The variability of the wild-type should be considered for both technical and biological replicates. If the variability of the wild-type phenotype means that it cannot be distinguished from the positive control mutant, it will be near impossible to identify whether there is a hit. Even if the final screen will be performed in a single replicate, it helps perform the pilot screen with multiple replicates. The positive and negative controls are also important for understanding plate-to-plate or batch-to-batch variability, meaning each plate or batch should have both positive and negative controls.
As an example of a screen that would not work, I was interested in understanding the host factors that contribute to pyroptotic cell death in macrophages in response to C. albicans infection. Pyroptosis is an inflammatory cell death program that is driven by formation of an inflammasome comprising the NLRP3 protein, ASC, and caspase-1 in response to C. albicans. Mice that lack these components of the host immune response demonstrate decreased immunopathology during a systemic C. albicans infection (22). However, not every host cell gets infected with C. albicans, and of the infected cells, only approximately 10% of the cells form ASC +punctae (23). This means that the dynamic range of the assay when looking for loss of pyroptotic death is less than 10%. Most pooled host CRISPR screens have greater than 10% noise due to variability in gene targeting and biases in sequencing, so it would not be possible to get true hits from this screening design. Individual mutants could be assessed, but scaling it up to a genome scale was not possible.

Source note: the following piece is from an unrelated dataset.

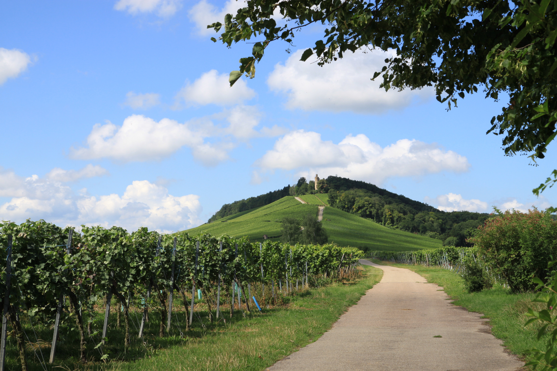 Blick auf den Weg zur Heuchelberger Warte mit großem Hügel im Hintergrund. | © Heuchelberger Warte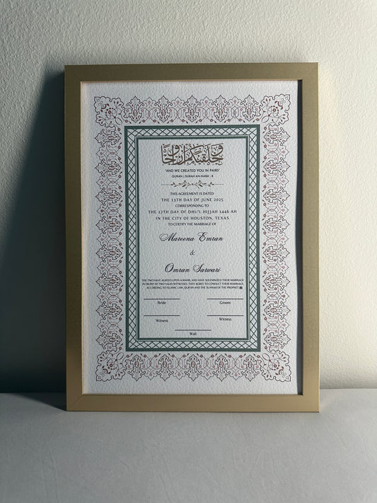 Luxury Nikkah Certificate - BAHAAR Forest Green

In contrast, when we were screening for adherence regulators in C. auris, we started with two clinical strains that differed significantly in their ability to adhere—AR0382 and AR0387. This meant that it was easy to identify strains with a strong defect in adherence (Fig. 1A). Even though there was variability from plate to plate, having two clinical isolates as controls as for both high and low adherence meant that we could normalize the data for each plate. In our case, we used a cutoff of three standard deviations from the mean per plate for calling a hit, and as shown in Fig. 1B, the cutoffs for calling a hit varied between each plate.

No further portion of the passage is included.